Posted by I Wayan Agus Eka on March 27, 2010
Satu lagi isu heboh muncul di tengah-tengah kita. Setelah gegap gempita century, kemudian aksi teroris, maka muncul fenomena markus pajak yang dihembuskan oleh mantan petinggi Polri. Gayus Tambunan menjadi “artis baru” yang namanya begitu akrab beberapa hari terakhir. Dia adalah seorang pegawai Ditjen Pajak yang memiliki harta kekayaan yang tidak sesuai dengan jabatan yang saat ini dia sandang dan diduga harta itu adalah hasil dari tindak kejahatan.
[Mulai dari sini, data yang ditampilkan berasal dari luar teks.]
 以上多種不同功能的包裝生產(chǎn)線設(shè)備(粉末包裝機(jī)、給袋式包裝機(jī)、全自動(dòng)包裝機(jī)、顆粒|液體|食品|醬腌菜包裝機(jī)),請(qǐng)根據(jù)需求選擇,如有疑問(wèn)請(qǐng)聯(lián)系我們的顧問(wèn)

Isu kemudian meluas, dari hanya sekedar melibatkan kepolisian dan GT sebagai individu, kemudian berkembang melibatkan Ditjen Pajak sebagai sebuah institusi. Dari segi substansi isu kemudian beralih menjadi beberapa hal yang menurut saya di luar konteks substansi semula yang hendak diselidiki. Dari mahasiswa, tukang ojek, PRT, kaum intelektual berlomba-lomba memberikan pendapatnya, namun seringkali pendapat mereka hanya keluar dari mulut saja tanpa didasari oleh dasar intelektual yang memadai (baca:asbun). Setidaknya ada dua wacana dari orang-orang asbun ini yang coba saya sarikan. Pertama, mereka berargumen buat apa membayar pajak kalau nantinya dinikmati oleh Gayus dan pejabat-pejabat lainnya. Dan yang kedua, buat apa bayar pajak kalau jalan-jalan masih ada yang rusak, kalau pemerintah selalu jauh ketika ada bencana dll.
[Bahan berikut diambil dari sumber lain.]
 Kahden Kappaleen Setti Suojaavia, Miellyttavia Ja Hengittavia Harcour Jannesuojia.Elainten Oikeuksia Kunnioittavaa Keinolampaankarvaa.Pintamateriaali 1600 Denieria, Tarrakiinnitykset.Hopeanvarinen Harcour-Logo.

Saya bisa mengatakan bahwa, orang-orang yang melontarkan wacana pertama adalah orang-orang yang pikirannya sempit dan mungkin tidak pernah sekolah (kalaupun sekolah paling lulus dengan nyogok). Perlu diingat, WP membayar pajak bukan kepada petugas pajak, WP membayar pajak langsung ke kas negara. Yang diserahkan ke petugas pajak hanya bukti pembayarannya saja, jadi tidak akan pernah bisa seorang petugas pajak akan menilep duit WP yang nyata-nyata sudah masuk ke kas negara.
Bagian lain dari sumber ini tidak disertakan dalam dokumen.